* _DATASET EXTRACT_
■ ■ ■ ■ ■

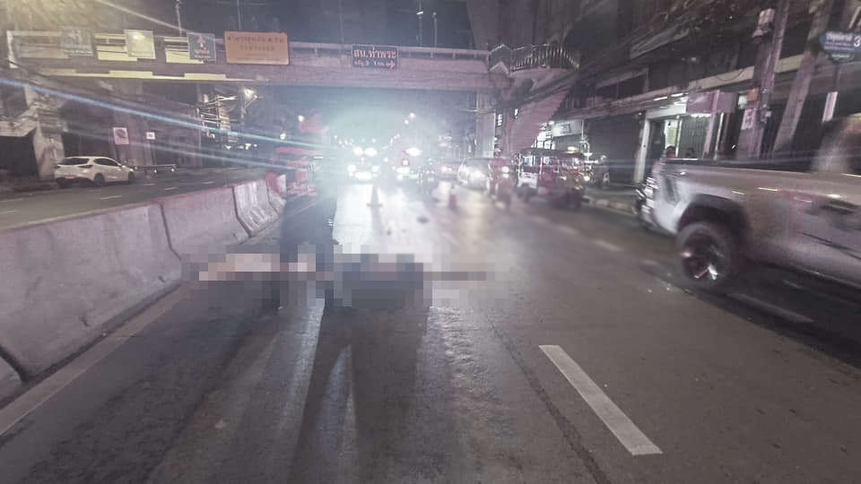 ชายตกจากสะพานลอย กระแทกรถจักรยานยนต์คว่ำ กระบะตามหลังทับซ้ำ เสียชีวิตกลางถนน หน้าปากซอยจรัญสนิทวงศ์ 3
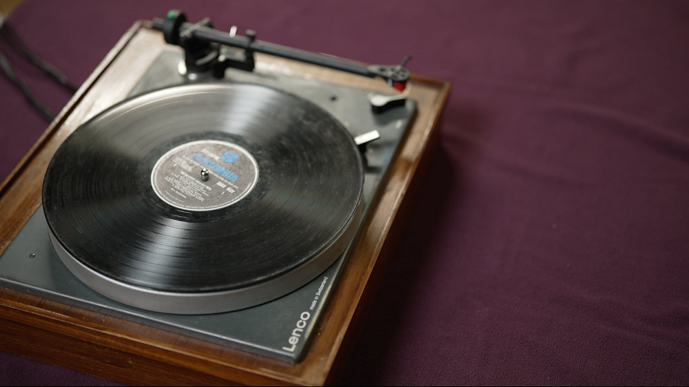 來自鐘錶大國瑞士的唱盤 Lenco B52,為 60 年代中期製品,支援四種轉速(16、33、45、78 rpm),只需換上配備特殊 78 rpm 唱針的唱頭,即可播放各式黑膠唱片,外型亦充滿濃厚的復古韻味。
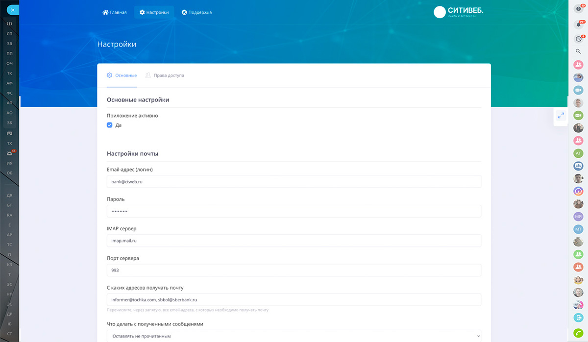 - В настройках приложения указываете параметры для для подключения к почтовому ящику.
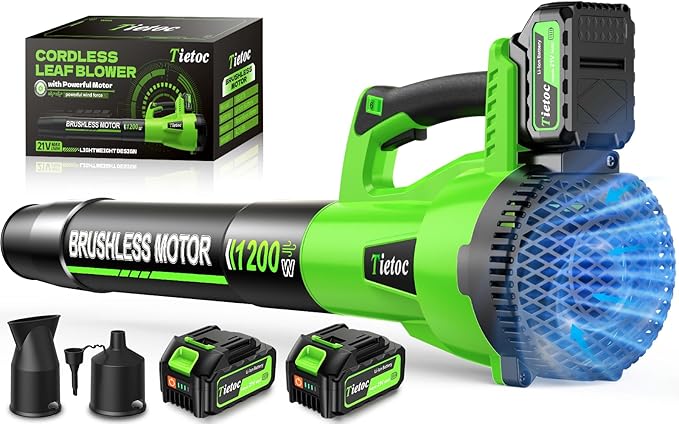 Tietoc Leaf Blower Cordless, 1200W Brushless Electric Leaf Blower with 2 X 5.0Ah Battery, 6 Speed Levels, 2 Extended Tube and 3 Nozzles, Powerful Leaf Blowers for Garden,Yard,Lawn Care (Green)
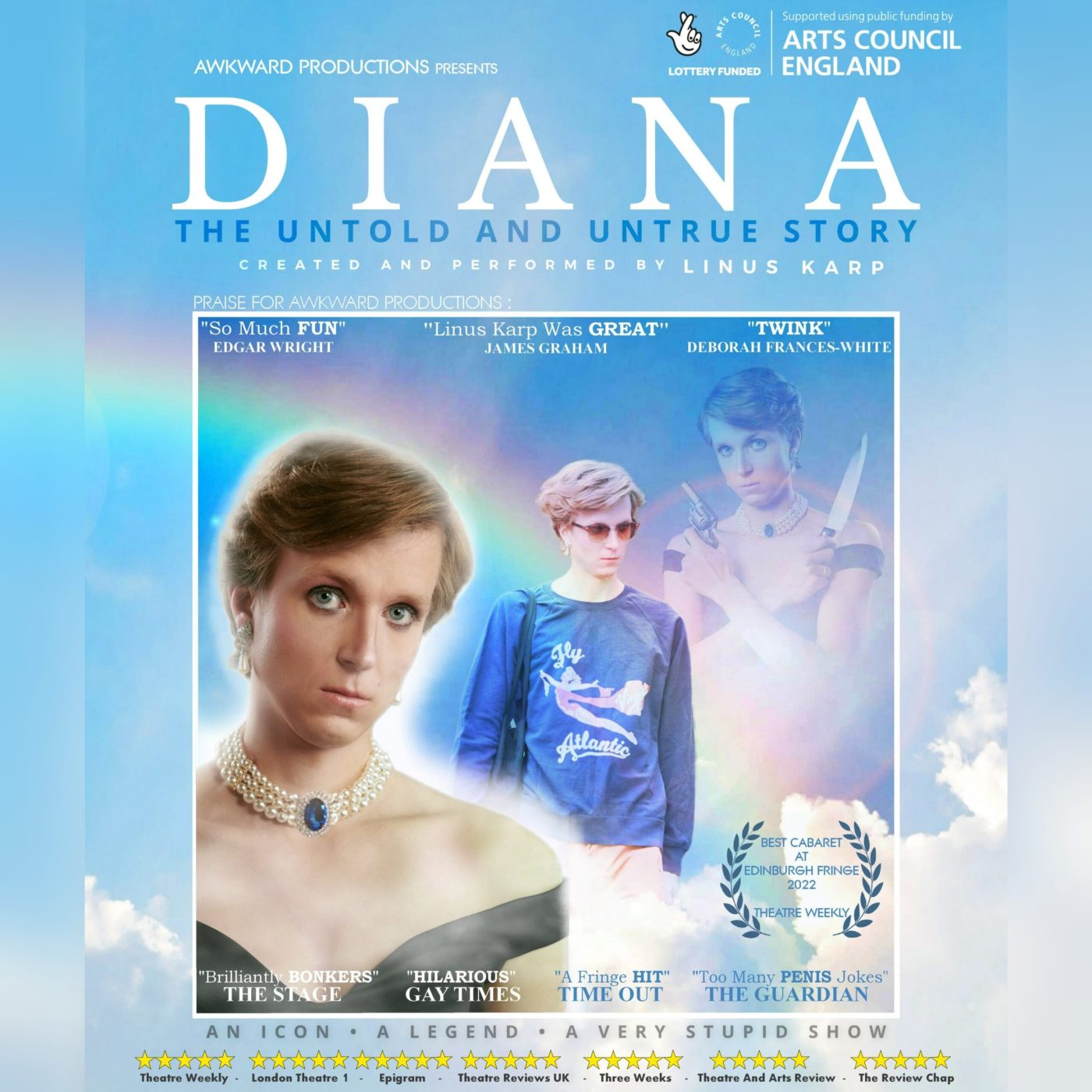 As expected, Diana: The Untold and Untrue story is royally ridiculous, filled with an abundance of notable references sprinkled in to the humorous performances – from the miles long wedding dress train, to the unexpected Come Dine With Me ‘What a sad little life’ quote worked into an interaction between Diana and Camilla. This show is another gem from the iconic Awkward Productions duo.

■ ■ ■ ■ ■

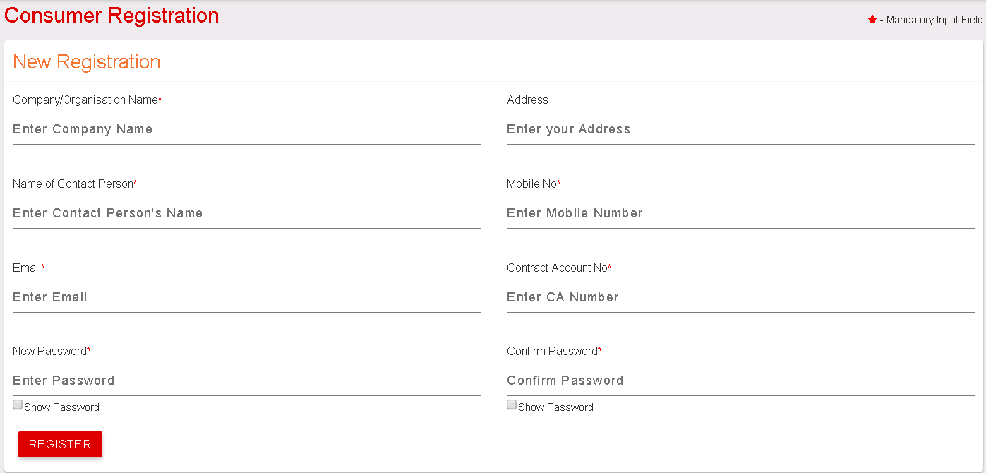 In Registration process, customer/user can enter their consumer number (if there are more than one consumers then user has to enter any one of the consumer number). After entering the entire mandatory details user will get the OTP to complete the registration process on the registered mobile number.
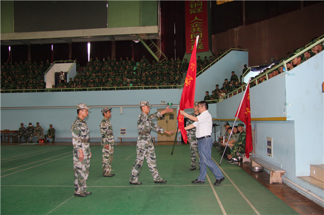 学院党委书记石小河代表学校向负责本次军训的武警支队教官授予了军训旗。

■ ■ ■ ■ ■

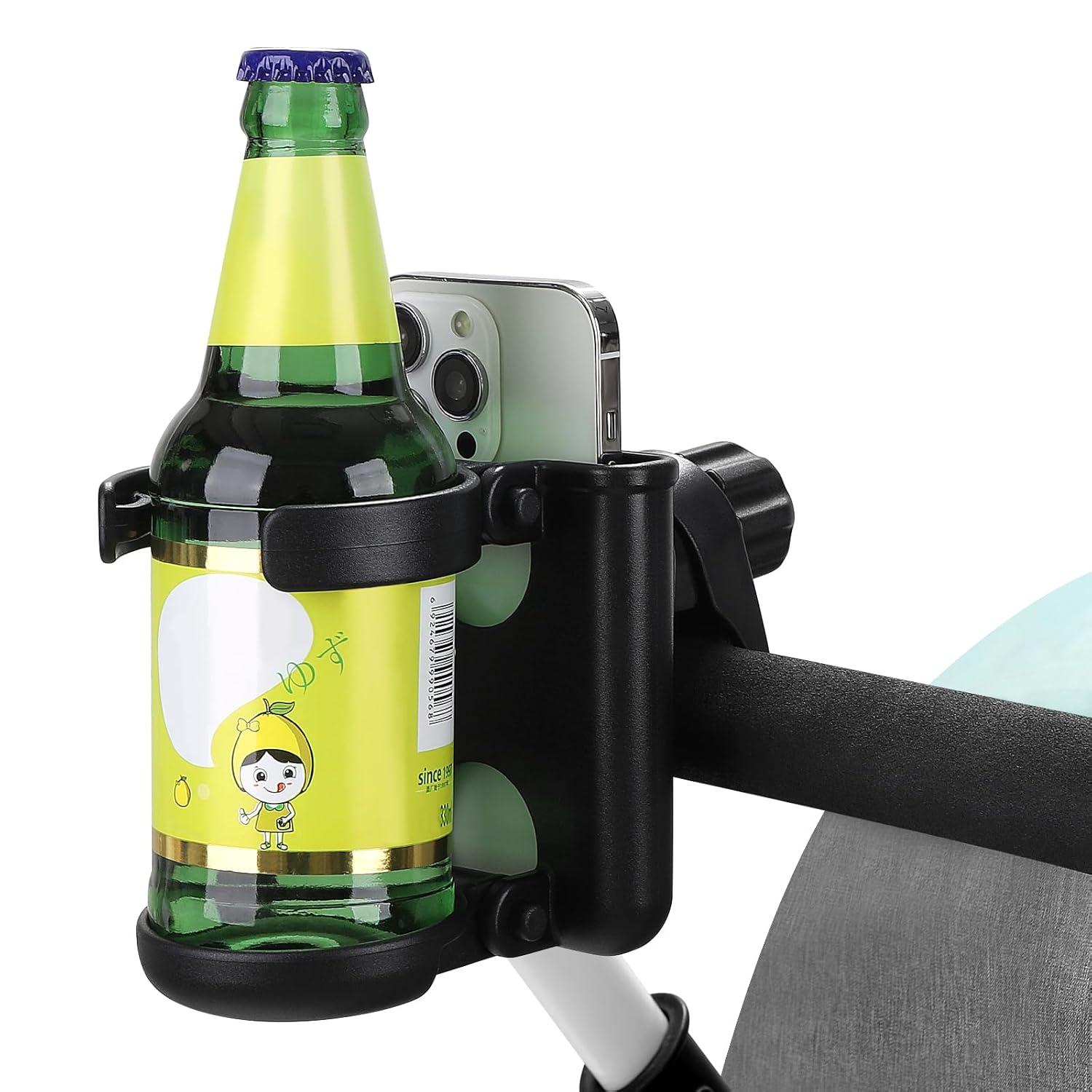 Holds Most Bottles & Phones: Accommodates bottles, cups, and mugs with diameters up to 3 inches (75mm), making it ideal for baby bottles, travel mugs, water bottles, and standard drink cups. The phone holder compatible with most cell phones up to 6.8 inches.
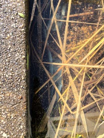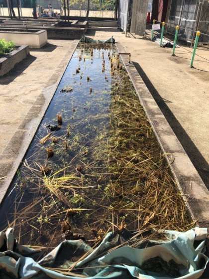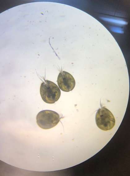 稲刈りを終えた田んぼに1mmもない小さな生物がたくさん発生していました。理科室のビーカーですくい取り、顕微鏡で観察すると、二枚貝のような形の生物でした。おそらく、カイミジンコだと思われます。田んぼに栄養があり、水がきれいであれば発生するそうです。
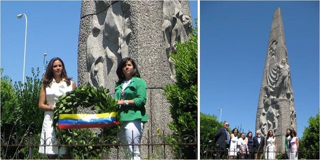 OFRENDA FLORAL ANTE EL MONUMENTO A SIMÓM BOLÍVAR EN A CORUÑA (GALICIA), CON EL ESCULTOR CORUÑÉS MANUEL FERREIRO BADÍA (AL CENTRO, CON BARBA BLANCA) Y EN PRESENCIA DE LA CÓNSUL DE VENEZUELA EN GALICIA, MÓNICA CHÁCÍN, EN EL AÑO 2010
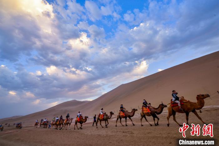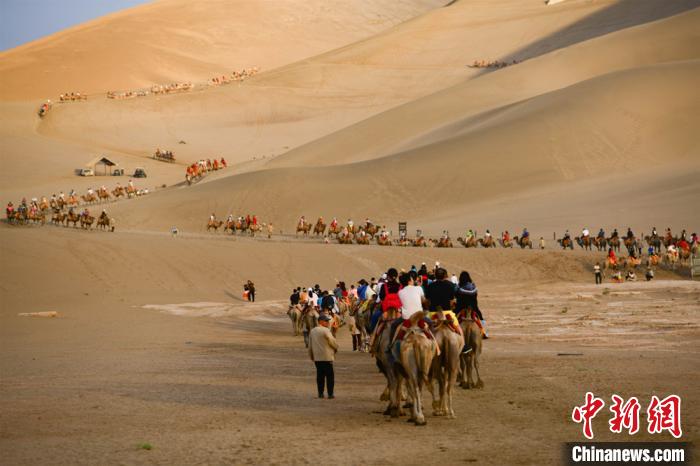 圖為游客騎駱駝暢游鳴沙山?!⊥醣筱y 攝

■ ■ ■ ■ ■

* _EXERCISE REQUIREMENTS_
Above, find the line with "稲刈りを終えた田んぼに1mm"; copy it and every line down to the line with "圖為游客騎駱駝暢游鳴沙山?!⊥醣筱y 攝", exactly and both included, but no pictures.

* _SOLUTION TO THIS PROBLEM_
 稲刈りを終えた田んぼに1mmもない小さな生物がたくさん発生していました。理科室のビーカーですくい取り、顕微鏡で観察すると、二枚貝のような形の生物でした。おそらく、カイミジンコだと思われます。田んぼに栄養があり、水がきれいであれば発生するそうです。
 OFRENDA FLORAL ANTE EL MONUMENTO A SIMÓM BOLÍVAR EN A CORUÑA (GALICIA), CON EL ESCULTOR CORUÑÉS MANUEL FERREIRO BADÍA (AL CENTRO, CON BARBA BLANCA) Y EN PRESENCIA DE LA CÓNSUL DE VENEZUELA EN GALICIA, MÓNICA CHÁCÍN, EN EL AÑO 2010
 圖為游客騎駱駝暢游鳴沙山?!⊥醣筱y 攝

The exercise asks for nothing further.